Freiwillige Steuerberichtigung — Selbstanzeige (Art. 252 LGT)

Die freiwillige Steuerberichtigung nach Art. 252 LGT (Ley General Tributaria) ist das spanische Äquivalent zur deutschen Selbstanzeige nach § 371 AO. Sie befreit von strafrechtlicher Verantwortung wegen Steuerhinterziehung (Art. 305 CP), wenn der Steuerpflichtige seine steuerliche Situation vollständig und spontan regularisiert, bevor ihm der Beginn von Prüfungsmaßnahmen der AEAT oder der Staatsanwaltschaft mitgeteilt wird.

Steuern

Was ist die freiwillige Steuerberichtigung nach Art. 252 LGT?

Art. 252 LGT befreit von strafrechtlicher Verantwortung wegen Steuerhinterziehung (Art. 305 Código Penal), wenn:

  1. Die steuerliche Situation vollständig regularisiert wird — alle betroffenen Steuern und Zeiträume, keine selektive Teilbereinigung.
  2. Die Regularisierung spontan erfolgt — ohne vorherige Verwaltungs- oder Strafmaßnahme.
  3. Die Regularisierung erfolgt, bevor die AEAT den Beginn einer Prüfungsmaßnahme mitteilt oder die Staatsanwaltschaft Ermittlungen einleitet.

Vergleich mit der deutschen Selbstanzeige (§ 371 AO)

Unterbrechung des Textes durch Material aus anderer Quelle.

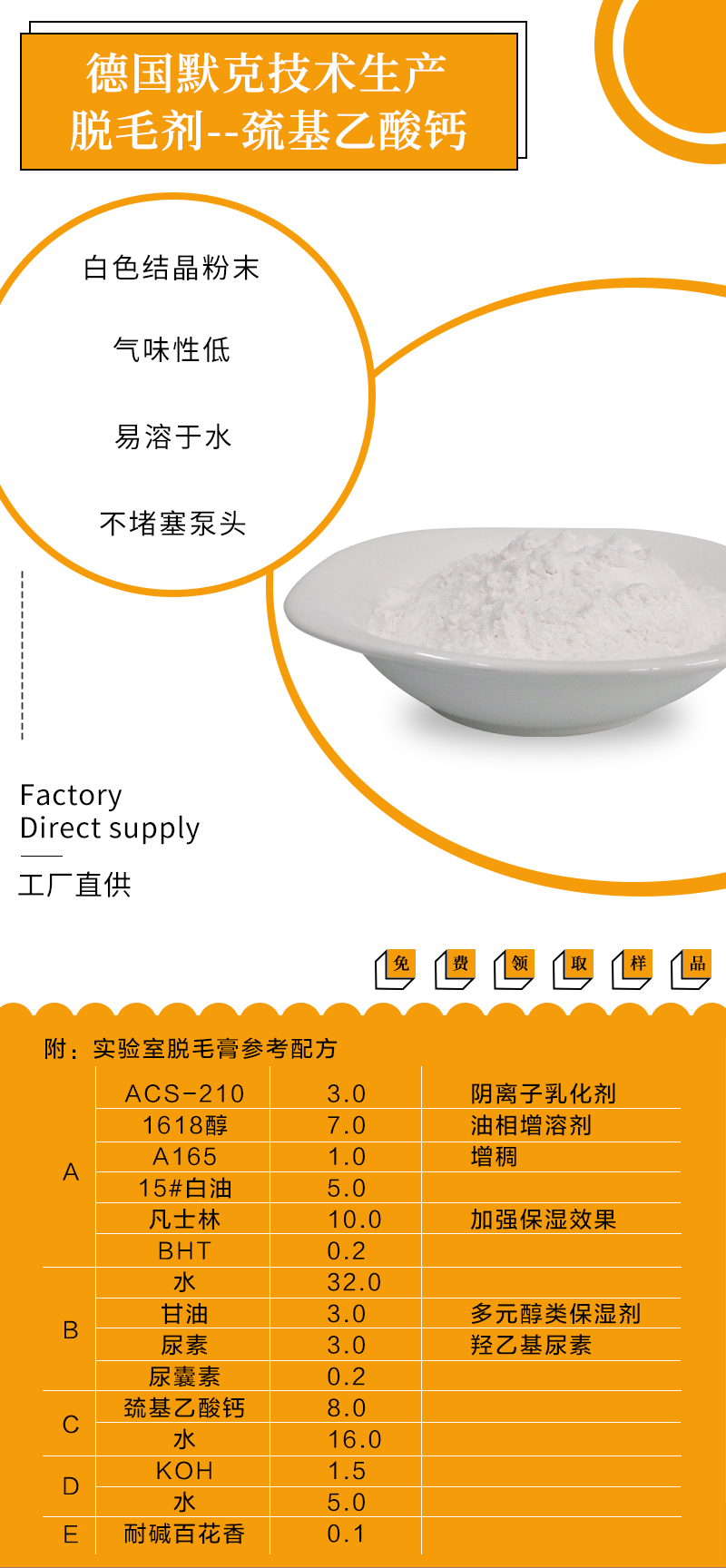 巯基乙酸钙作为一款我司自主生产的脱毛剂原料,采用的是德国默克的技术。质量保证,证件齐全。

AspektSpanien Art. 252 LGTDeutschland § 371 AO
StrafbefreiungsvoraussetzungVollständigkeit + SpontaneitätVollständigkeit + Zahlung + kein Sperrgrund
ZusatzzuschlagKeiner (nur Verspätungsaufschlag Art. 27 LGT)5 % Zuschlag bei Beträgen > €25.000
ErlöschenBei Bekanntgabe der Prüfung oder ErmittlungBei Bekanntgabe der Einleitung, Erscheinen des Prüfers
SteuerartenAlle AEAT-verwalteten SteuernAlle Steuerarten
Verjährung4 Jahre steuerlich, 5 Jahre strafrechtlich4 Jahre steuerlich, 10 Jahre strafrechtlich bei Hinterziehung

Kosten der freiwilligen Bereinigung

Verspätungsaufschläge (Art. 27 LGT) — keine Sanktion zusätzlich:

  • 1 % für jeden vollen Monat Verspätung: Monate 1–12 (max. 12 %)
  • 15 % ab dem 13. Monat

Verzugszins: 4,0625 % jährlich (2026).

Im Vergleich: Bei AEAT-Feststellung nach Prüfung fallen Sanktionen von mindestens 50 % der Steuerschuld (leichte Zuwiderhandlung) bis 150 % (sehr schwere) an — zuzüglich Strafrisiko bei Beträgen über €120.000 (Art. 305 CP: Freiheitsstrafe 1–5 Jahre).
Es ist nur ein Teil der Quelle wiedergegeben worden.